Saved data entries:
[Start of Attachment]
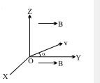 In a region of space, a uniform magnetic field $B$ exists in the $y-$direction.Aproton is fired from the origin, with its initial velocity $v$ making a small angle $\alpha$ with the $y-$ direction in the $yz$ plane. In the subsequent motion of the proton,
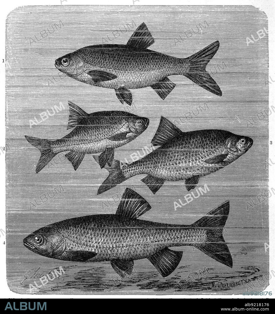 Fish, 1. aland, also called orfe (Leuciscus idus) or ide (fish), species of fish in the carp family, 2. roach (Rutilus rutilus), roach, loggerhead or the swallow, Leuciscus erythrophthalmus, 3. roach, loggerhead, Leuciscus rutilus, 4. Chub (Squalius cephalus), syn. Leuciscus cephalus, also called eel, vanity or aitel, fish species from the order of carp, Historic, digitally restored reproduction from a 19th century original
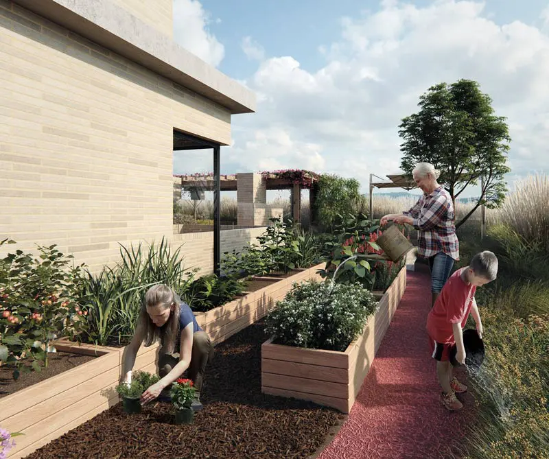 Esta experiencia se percibe desde la entrada del proyecto, donde se encuentra una pared vertical de frutos silvestres. Luego, ofrece un área aproximada de 579 m2 de natural roof garden, distribuida en soleras, el camino de la huerta, las áreas de barbecue y teppanyaki, integradas por una pérgola natural; el área de yoga y meditación, y los juegos infantiles. Para hacer aún más agradable la experiencia, Promobily ofrece, además, otros privilegios, como SportBar, turco y TRX Gym.
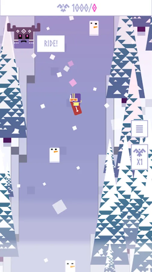 Ride along randomly generated tracks. Master the board control, based on real physics. Perform tricks, smash snowmen and become one with the Great Spirit of the Mountains!
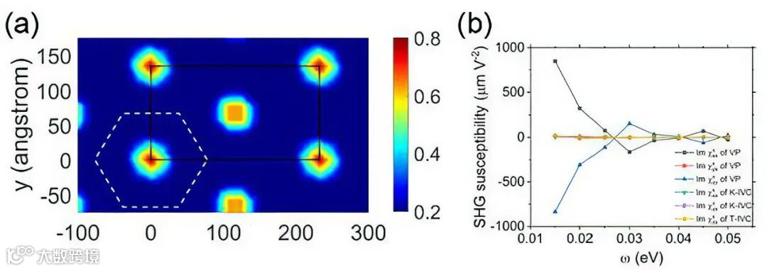 研究发现,实验上在个别整数填充上发现的零陈数态,是电荷分布自发破坏三重旋转对称性的密度波相(图3a),并具有很强的谷极化特征。进一步研究了几个分数填充下的轨道陈绝缘态和密度波态,可发现其呈现出谷间相干态或谷自旋极化态,这些计算结果均符合实验观测。此外,由于零陈数的「无特征」关联绝缘态在通常的输运或光学实验中无法体现出任何特殊信号,研究人员还采用对称性分析和非线性响应理论论证方法,分析了该体系所有可能的自发对称性破缺态所对应的非线性光学响应,并发现多数零陈数的「无特征」绝缘态由于其谷极化性质,会呈现出显著的非线性光学信号(图3b)。
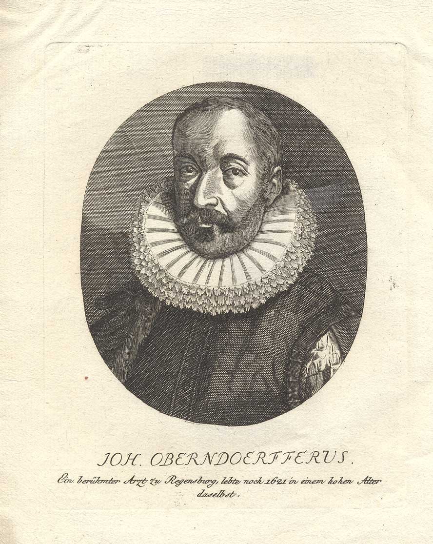 Cm. 14,5x18,5 (al vivo), incisione originale su rame, ritratto del medico Oberndoerfferus. In buono stato (good copy).
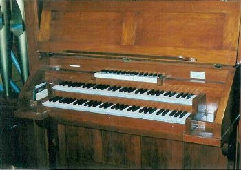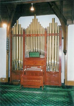The Estey pipe organ is an original installation, and happily remains tonally and mechanically unmolested. The instrument is free-standing and encased with an attached, projecting keydesk. The beautiful case is of cherry. The organ is placed on the front, left side of the chancel. The Pedal 16' Bourdon forms the sides of the case, but are not visible since the organ is recessed into a side room. The facade is divided into three sections arranged: 5 - 17 - 5. Of these 27 gold pipes, 17 are from the Great 8' Open Diapason.  The outer towers of five pipes each contain notes CC 1 through A 10 - diatonically divided. Notes 11 - 17 are located in the center flat of 17 pipes. The Great 8' Dulciana borrows its bottom 12 notes from the stopped wood basses of the 8' Melodia.
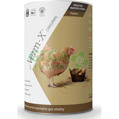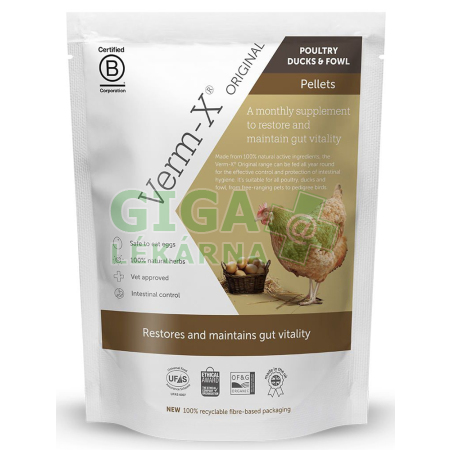 | Oficiální název: | Verm-X Přírodní pelety proti střevním parazitům pro drůbež 250g |
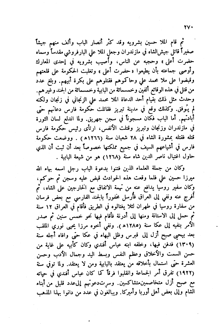 أعلى وحجبه عن الناس، وأصيب بشرويه في إحدى المعارك وأوصى جماعته بأن يطيعوا حضرت أعلى وتغلبت الحكومة على قلعتهم وقبضوا على ملا محمد وحاكموهم فقتلوهم على بكرة أبيهم. وبلغ عدد من قتل في هذه الوقائع ألفين وخمسمائة من البابية وخمسمائة من الجند وغيرهم. وحدث مثل ذلك بقيام أحد الدعاة الملا محمد علي الزنجاني في زنجان ولكنه لم يوفق. وكذلك وقع في مدينة تبريز فقاتلت حكومة فارس دعاتهم حتى أبادتهم. أما الباب فكان مسجوناً في سجن جهريق. ولما اندلع لسان الثورة في مازندران وزنجان وتبريز وقتلت الأنفس، ارتأى رئيس حكومة فارس قتله فقتله بمشورة الشاه في 28 شعبان سنة 1266هـ. ووضعت حكومة فارس في أشياعهم السيف في جميع مملكتها خصوصاً بعد أن ثبت أن الذي حاول اغتيال ناصر الدين شاه سنة 1268 هو من شيعة البابية.
[End of Attachment]
TASK TO COMPLETE :: Leaving images out, please output every line of the data exactly.

FINISHED EXERCISE ::
 In a region of space, a uniform magnetic field $B$ exists in the $y-$direction.Aproton is fired from the origin, with its initial velocity $v$ making a small angle $\alpha$ with the $y-$ direction in the $yz$ plane. In the subsequent motion of the proton,
 Fish, 1. aland, also called orfe (Leuciscus idus) or ide (fish), species of fish in the carp family, 2. roach (Rutilus rutilus), roach, loggerhead or the swallow, Leuciscus erythrophthalmus, 3. roach, loggerhead, Leuciscus rutilus, 4. Chub (Squalius cephalus), syn. Leuciscus cephalus, also called eel, vanity or aitel, fish species from the order of carp, Historic, digitally restored reproduction from a 19th century original
 Esta experiencia se percibe desde la entrada del proyecto, donde se encuentra una pared vertical de frutos silvestres. Luego, ofrece un área aproximada de 579 m2 de natural roof garden, distribuida en soleras, el camino de la huerta, las áreas de barbecue y teppanyaki, integradas por una pérgola natural; el área de yoga y meditación, y los juegos infantiles. Para hacer aún más agradable la experiencia, Promobily ofrece, además, otros privilegios, como SportBar, turco y TRX Gym.
 Ride along randomly generated tracks. Master the board control, based on real physics. Perform tricks, smash snowmen and become one with the Great Spirit of the Mountains!
 研究发现,实验上在个别整数填充上发现的零陈数态,是电荷分布自发破坏三重旋转对称性的密度波相(图3a),并具有很强的谷极化特征。进一步研究了几个分数填充下的轨道陈绝缘态和密度波态,可发现其呈现出谷间相干态或谷自旋极化态,这些计算结果均符合实验观测。此外,由于零陈数的「无特征」关联绝缘态在通常的输运或光学实验中无法体现出任何特殊信号,研究人员还采用对称性分析和非线性响应理论论证方法,分析了该体系所有可能的自发对称性破缺态所对应的非线性光学响应,并发现多数零陈数的「无特征」绝缘态由于其谷极化性质,会呈现出显著的非线性光学信号(图3b)。
 Cm. 14,5x18,5 (al vivo), incisione originale su rame, ritratto del medico Oberndoerfferus. In buono stato (good copy).
The Estey pipe organ is an original installation, and happily remains tonally and mechanically unmolested. The instrument is free-standing and encased with an attached, projecting keydesk. The beautiful case is of cherry. The organ is placed on the front, left side of the chancel. The Pedal 16' Bourdon forms the sides of the case, but are not visible since the organ is recessed into a side room. The facade is divided into three sections arranged: 5 - 17 - 5. Of these 27 gold pipes, 17 are from the Great 8' Open Diapason.  The outer towers of five pipes each contain notes CC 1 through A 10 - diatonically divided. Notes 11 - 17 are located in the center flat of 17 pipes. The Great 8' Dulciana borrows its bottom 12 notes from the stopped wood basses of the 8' Melodia.
 | Oficiální název: | Verm-X Přírodní pelety proti střevním parazitům pro drůbež 250g |
 أعلى وحجبه عن الناس، وأصيب بشرويه في إحدى المعارك وأوصى جماعته بأن يطيعوا حضرت أعلى وتغلبت الحكومة على قلعتهم وقبضوا على ملا محمد وحاكموهم فقتلوهم على بكرة أبيهم. وبلغ عدد من قتل في هذه الوقائع ألفين وخمسمائة من البابية وخمسمائة من الجند وغيرهم. وحدث مثل ذلك بقيام أحد الدعاة الملا محمد علي الزنجاني في زنجان ولكنه لم يوفق. وكذلك وقع في مدينة تبريز فقاتلت حكومة فارس دعاتهم حتى أبادتهم. أما الباب فكان مسجوناً في سجن جهريق. ولما اندلع لسان الثورة في مازندران وزنجان وتبريز وقتلت الأنفس، ارتأى رئيس حكومة فارس قتله فقتله بمشورة الشاه في 28 شعبان سنة 1266هـ. ووضعت حكومة فارس في أشياعهم السيف في جميع مملكتها خصوصاً بعد أن ثبت أن الذي حاول اغتيال ناصر الدين شاه سنة 1268 هو من شيعة البابية.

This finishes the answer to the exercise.